The changes suggested in the letter are separate from the competing proposals to reform how the military handles sexual assault cases, but Boxer is currently working on legislation to reform the Article 32 process and plans to introduce it soon. Sens. Kirsten Gillibrand and Claire McCaskill have been collecting support from military brass and legislators since early this summer, and both continue to push despite a fall full of government showdowns over the budget, the debt ceiling, and health care. Boxer and Blumenthal have put their support behind Gillibrand’s proposal, which would remove cases from the chain of command. McCaskill’s proposal would leave a commanding officer’s authority intact.
After a series of hearings this summer at which top military brass testified in favor of keeping prosecutions within the chain of command, and at which victims detailed their experiences with the justice and veteran’s health care system, the Senate will decide which plan will be included in this year’s defense authorization bill this fall. A military panel is reviewing the military justice system as a whole and could recommend changes to the Article 32 process, but that process will not be complete for months and implementation could be slow.

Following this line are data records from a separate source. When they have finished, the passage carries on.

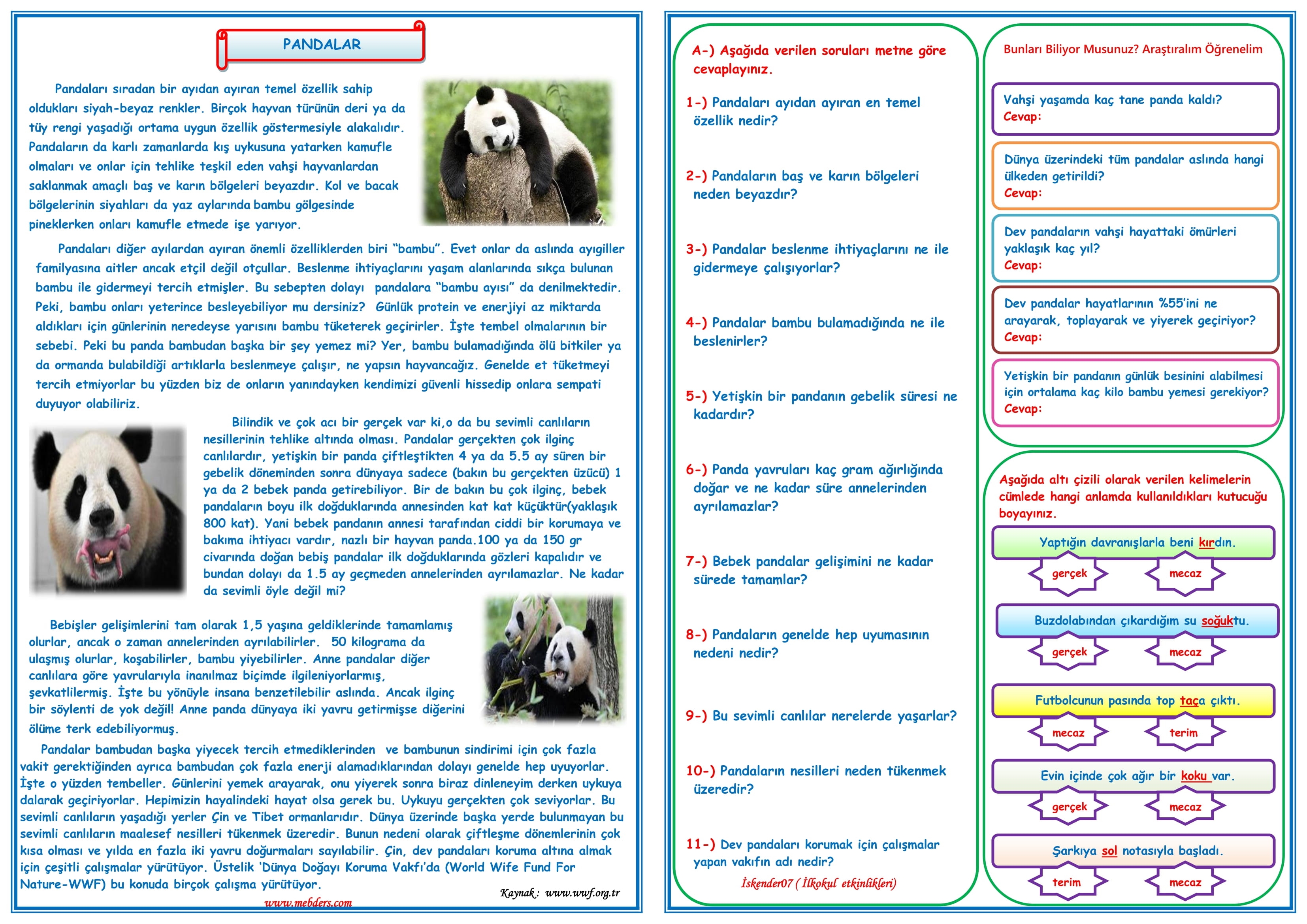 4.Sınıf Türkçe Pandalar Okuma Anlama ve Metin Çalışması 3
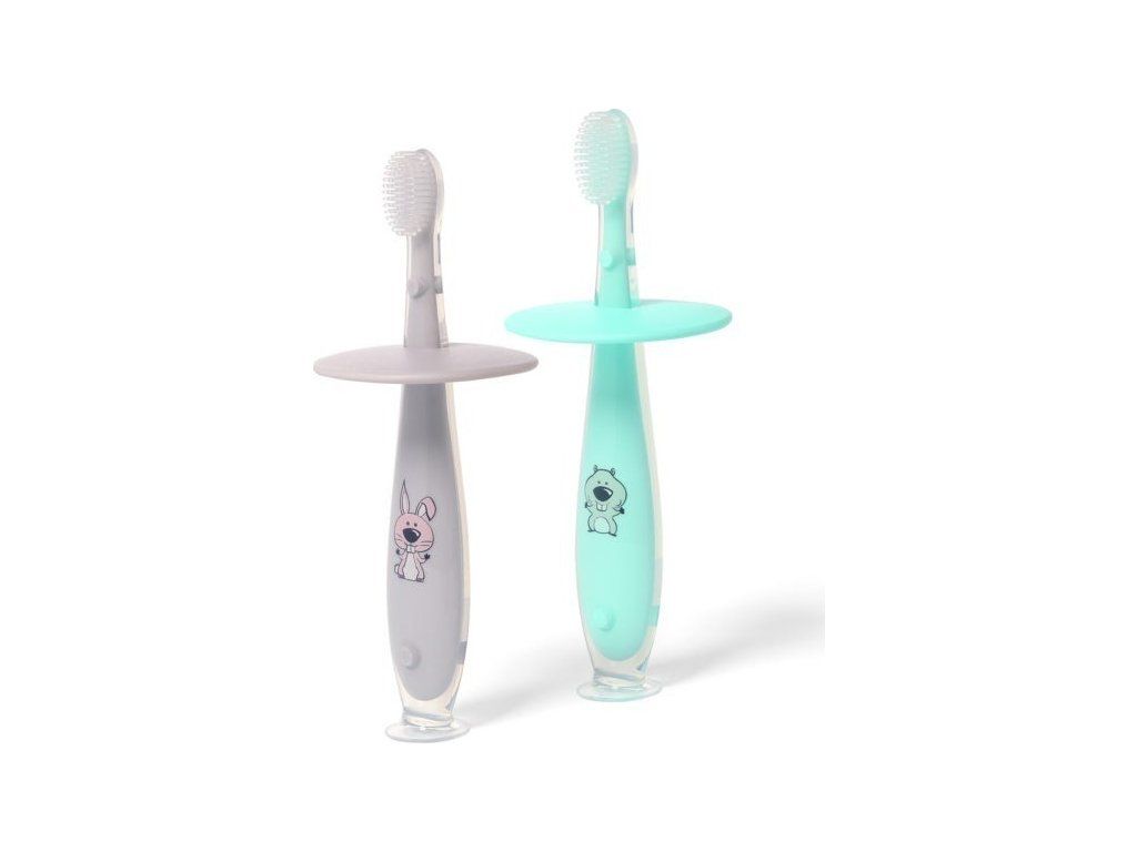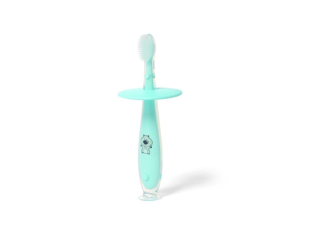 Jemný silikonový zubní kartáček s omezovačem proti zasunutí příliš hluboko do úst. Je určen pro každodenní ústní hygienu. Díky veselému designu se čištění zubů stane zábavou. Ideální pro učení se čistit si zuby samostatně.
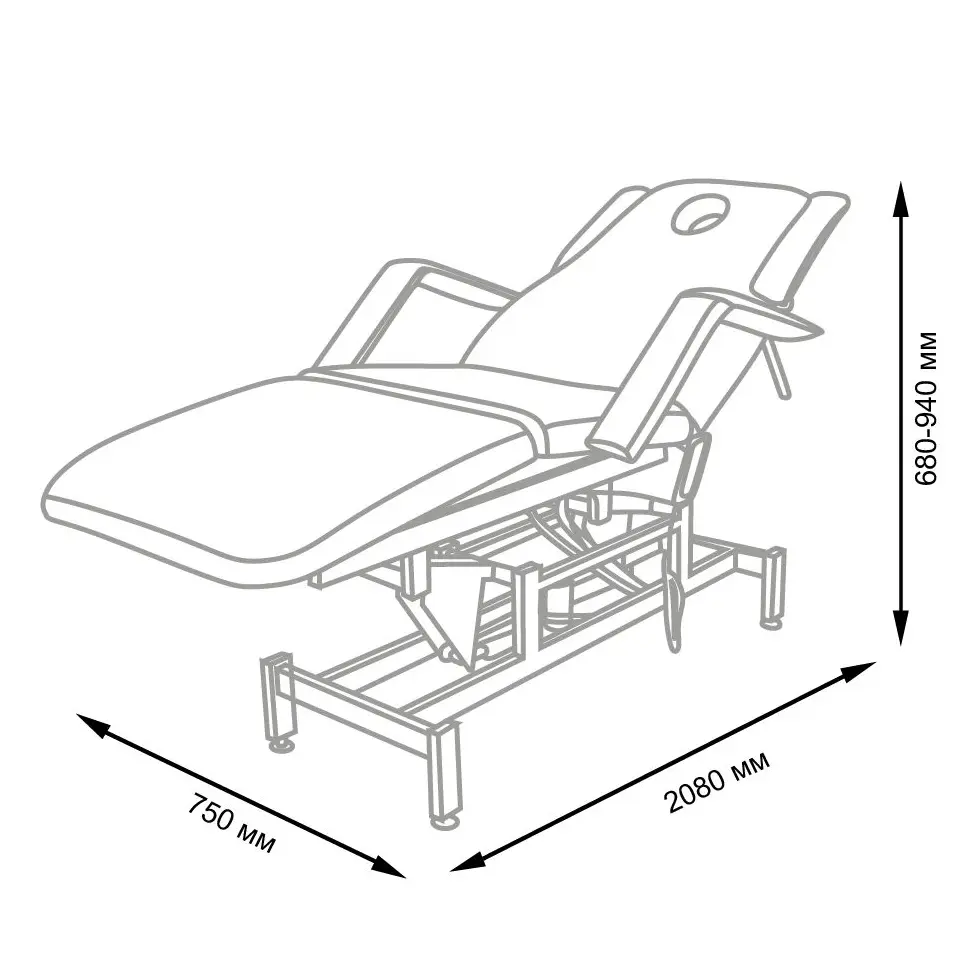 Кушетка массажная МД-849 (Элегия-3А) (электропривод, 3 мотора) – это профессиональное оборудование от компании МЭДИСОН. Она разработана для применения в массажном или косметологическом кабинете высокого уровня. Мягкая часть кушетки разделена на три сегмента: сиденье, спинка, элемент для ног. Это значительно повышает комфорт при использовании и обеспечивает необходимую функциональность во время работы. В спинке есть специальный вырез для лица. Для удобного расположения рук по время массажа предусмотрены навесные подлокотники, регулируемые по высоте.

Survivor advocacy groups support changing the system to make the process more closely resemble a civilian grand jury; Article 32 hearings have no civilian equivalent. “The Article 32 proceedings were originally created to function as a probable cause hearing, but have essentially become an opportunity for the defense to try the case twice,” said Nancy Parrish, president of Protect Our Defenders said in a statement. “The current system is not designed to protect victims or achieve justice-just the opposite: it has become another means of intimidating the victim, or at a minimum, lessening the likelihood that justice will prevail in their cases.”